In December 2014, Navistar disclosed more accounting problems. These involved out-of-period adjustments, which were corrections of prior period errors relating to product warranties. This resulted in a $36 million increase in Cost of Products Sold. In addition, a material weakness was disclosed. In the company's annual 10K, they reported that weakness was "surrounding validation of the completeness and accuracy of underlying data used in the determination of significant accounting estimates and accounting transactions. Specifically, controls were not designed to identify errors in the underlying data which was used to calculate warranty cost estimates and other significant accounting estimates and the accounting effects of significant transactions. [89]
Failed engine strategy
In 2001, then CEO Dan Ustian faced numerous United States Environmental Protection Agency (EPA) regulations to reduce the amount of nitrogen oxides and soot emanating from diesel engines. Despite the change in the compliance arena, the regulations would not begin to be phased in until 2007, with full implementation slated for 2010. [90]
Ustian had multiple engineering paths available. Among them were Selective Catalytic Reduction (SCR), Exhaust Gas Recirculation (EGR), or the use of nitrogen oxide absorbers. All required more engineering and development to achieve compliance.
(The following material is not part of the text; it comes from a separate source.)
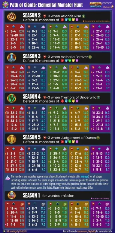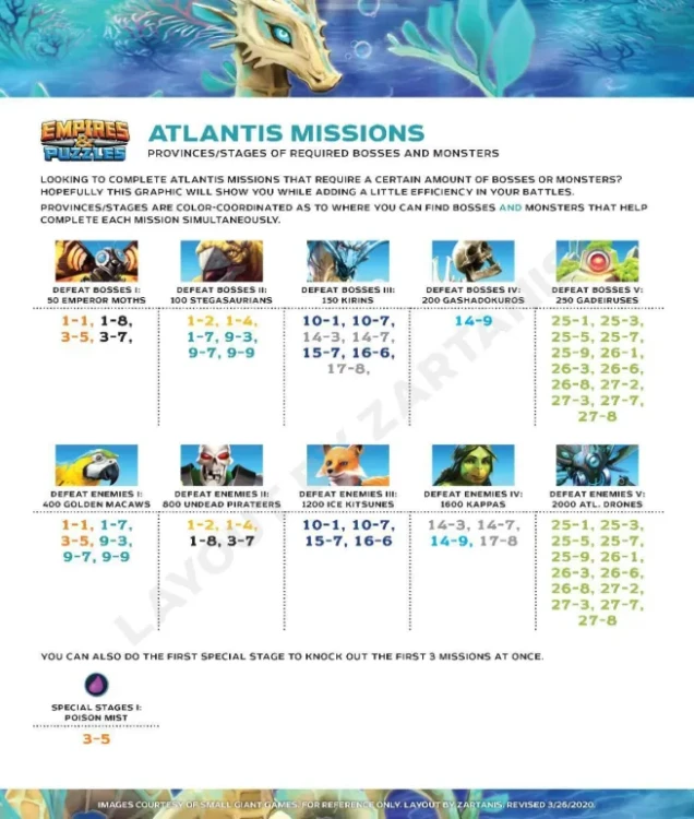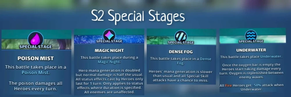 This thread compiles the essential information regarding Season 2 of the game, titled Atlantis , which was initially launched in August 2018. Table of Contents How to access the Event Stages Missions Atlantis Coins Summon Portal The Atlantis Families Resources 1. How to Access the Event Where to find it: Access is via the Seasons tab. Prerequisite: You must have completed up to Stage 15 of Season 1. Base Season: It is available permanently. Frequency (Summoning Portal): It is part of a 4-day rotation among several reduced-cost seasons: S2 > S3 > S4 > S5 > UT1 > UT2. Relive the season at a reduced cost, particularly appreciated for farming due to the double rewards for levels completed: 2. Stages A. General Overview Season 2 is divided into 27 provinces of 10 stages that unlock as you progress. It features an Easy Mode and a Hard Mode, a new feature compared to season 1. Hard mode is only accessible once Easy mode is completed. The required World Energy varies throughout the provinces from 6 to 10 (Easy) and 10 to 15 (Hard). Each stage is divided into waves (varying from 3 to 5 waves) featuring monsters and final bosses similar to other seasons. B. Stage Properties With season 2, special stages were introduced. Some levels feature special effects. Poison Mist (P1-3, P13-15, P19-21) The poison damages all heroes every turn Magic Night (P4-6, P19-21) Hero mana generation is doubled but normal damage is half the usual. All status effects cast by heroes only last for 1 turn. All enemies are unaffected. Dense Fog (P7-9), P16-21) Mana generation is slower than usal and all special attacks have a chance to miss. Undewarter (10-13, P22-27) Once the oxygen bar is empty the heroes start taking damage every turn. Oxigene is replenished between enemy waves. All Fire heroes get reduced attack when Un derwater. Unique Boss The Unique Boss heals itself and buffs are dispelled from the Heroes every 5 turns. 3 3. S2 Missions Specific missions allow you to earn Gems or Avatars. Special Stages Enemies Missions Bosses Missions Special Unique Enemies Guide to Stages for Avatar Missions by Zartanis, Ramay Bolton 4. The Atlantis Coins This is the exclusive currency for summoning Season 2 heroes. Acquisition: They are rewarded the first time you complete a map stage. Amount: Easy Mode gives 3 coins per stage. Hard Mode gives 5 coins per stage. Summoning: 100 Atlantis Coins are required for one free summon. 5. Summon Portal Summon Cost 1 Summon: Costs 350 Gems or 100 Atlantis Coins. 10 Summons: Cost 3000 Gems. 30 Summons: Cost 8400 Gems. Each summon in the portal credits a summoning chest. Every 10 summons, the retrieved chest grants rewards. You can only obtain a maximum of 12 chests per session. Appearance Rate Heroes from three groups are present: Season 2 heroes. HOTM selection Season 1 heroes (without their costumes). Each month there are two Legendary Atlantis heroes that are featured heroes 6. Atlantis Families Heroes become stronger when teamed with other unique Heroes of the same family. A. Atlantis Family Bonus for 1/2/3/4/5 Heroes: 5%/10%/15%/20%/25% Defense. 5 Legendary : Ariel, Atomos, Oceanus, Poseidon, Téthys, Ursena 4 Epic : Gadeirus, Proteus, Triton 3 Rare : Melia, Mnesseus B. Lagoon Family Bonus for 1/2/3/4/5 Heroes: +3%/+6%/+10%/+15%/+20% attack 5 Legendary : Mok-Arr, Misandra, Tarlak 4 Epic : Agwe, Gobbler, Wilbur 3 Rare : Gato, Gill-Ra, Muggy C. Sakura Family Bonus for 1/2/3/4/5 Heroes: 5%/8%/11%/11%/13% mana generation 5 Legendary : Inari, Kageburando, Mitsuko 4 Epic : Ameonna, Danzabura, Sumitomo 3 Rare : Chochin, Namahage 7. Resources Farming Find the farming thread here: Reference Farming To search stages, cover S2 to UT2 by BirksG : Find details of Stages by Elioty on his [drive] Infographics available by BirksG, Junin, Izhark, Minzi, Nynaeve

Ustian believed truckers did not want to bother with an extra tank of fluid after treatment. As a result, he convinced the company to spend $700 million to fund EGR development. [90]
On October 31, 2007, Navistar formally announced their intent to move forward with EGR as the company's strategy. The company statement included Ustian mentioning "I have publicly been an advocate of customer friendly emissions control solutions which do not add additional costs to our truck and bus customers. While SCR is a means to achieve the NOx reduction requirement for 2010, it comes with a steep cost to our customers. Our ability to achieve our goals without adding customer cost and inconvenience is a competitive advantage for International." [91]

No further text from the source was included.